Gulfport children stepped into the past Thursday with the help of a new friend.
The kindergarten kids at Bayou View Elementary spent time with a woman who's 100-years-old.
"I don't think you can imagine how it was when I was a little girl," said Callie Davis, when introduced to the combined class of kindergarten kids.
"Miss Callie" helped her young audience imagine by recalling just how different life was back then.
"And we rode in a wagon. And the wagon had a seat up front and the rest of us would sit in the back on a quilt or something. And Daddy drove the horses," said Davis.

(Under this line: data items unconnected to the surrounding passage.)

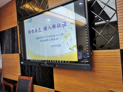 2019年8月28日南师附中江宁分校汤山小学在校会议室召开了2019年度新教师入职工作会议。会议以“新教师转变角色,踏入新征程”为主题,对新入职教师进行了新教师寄语、初入职经验分享、教学“五认真”的准备、多媒体的使用等相关入职培训。此次会议旨在号召全体新教师努力提高教师专业化水平和教育教学能力,为南师附中江宁分校汤山小学的教育发展作出新的更大的贡献。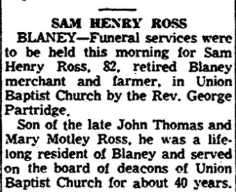 Sam Henry Ross, 82, of Blaney a retired merchant and farmer died at his home last night, September 28, 1957, after an illness of ten weeks.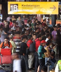 Sebelumnya puncak arus mudik di Bandara Soekarno-Hatta terjadi pada hari Jumat (25/7) atau H-3 lebaran dengan jumlah penumpang mencapai 213.545 orang.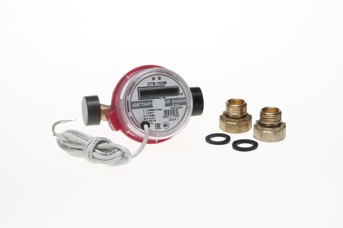 Ридан 187F2045R — Счётчик воды СГВ-15ЭВ RS-485 (L80) с фитингами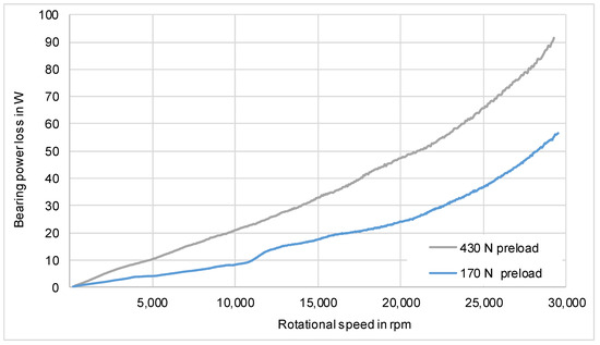 - Jiang et al. [24] conducted a study, which focuses on machine dynamics of a FESS rotor and include measurements of rolling bearing system power losses. A comparison with the results of the work at hand is given in Section 4.1.

Wide eyed children listened as Miss Callie described a time with no cars, no television and no electricity.
"The phone we had was a thing about so big, like this, and it hung on the wall. Then you'd turn the little handle and pick up the receiver. That's the kind of phone we had," she said.
Born October 27th, 1905, she attended school in Perkinston, walking each day to a one room school house.
"Back then, we ate pretty much what we do now. My mother baked biscuits every morning. And we didn't have these that you get in a can. She made then from scratch."
Her audience may not understand what "made from scratch means". The difference in their worlds was dramatically emphasized with Miss Callie seated near a giant screen TV. Household items were more functional back then.
"They called them oil lamps. Everybody had to buy kerosene and put in the little base of the lamp. And that's what made the light," she explained.
She shared stories of making cane syrup, milking the cow and visiting the outhouse. Christmas was old fashioned too.
"They went out in the woods and cut a Christmas tree with an axe," said her young friend, Thomas.
After re-living childhood memories, she posed with her new friends, while a most modern digital camera captured one more moment.
Many coast residents would recognize Miss Callie as "the African violet lady". She loves gardening, and for years, sold her flowers along Pass Road in Gulfport.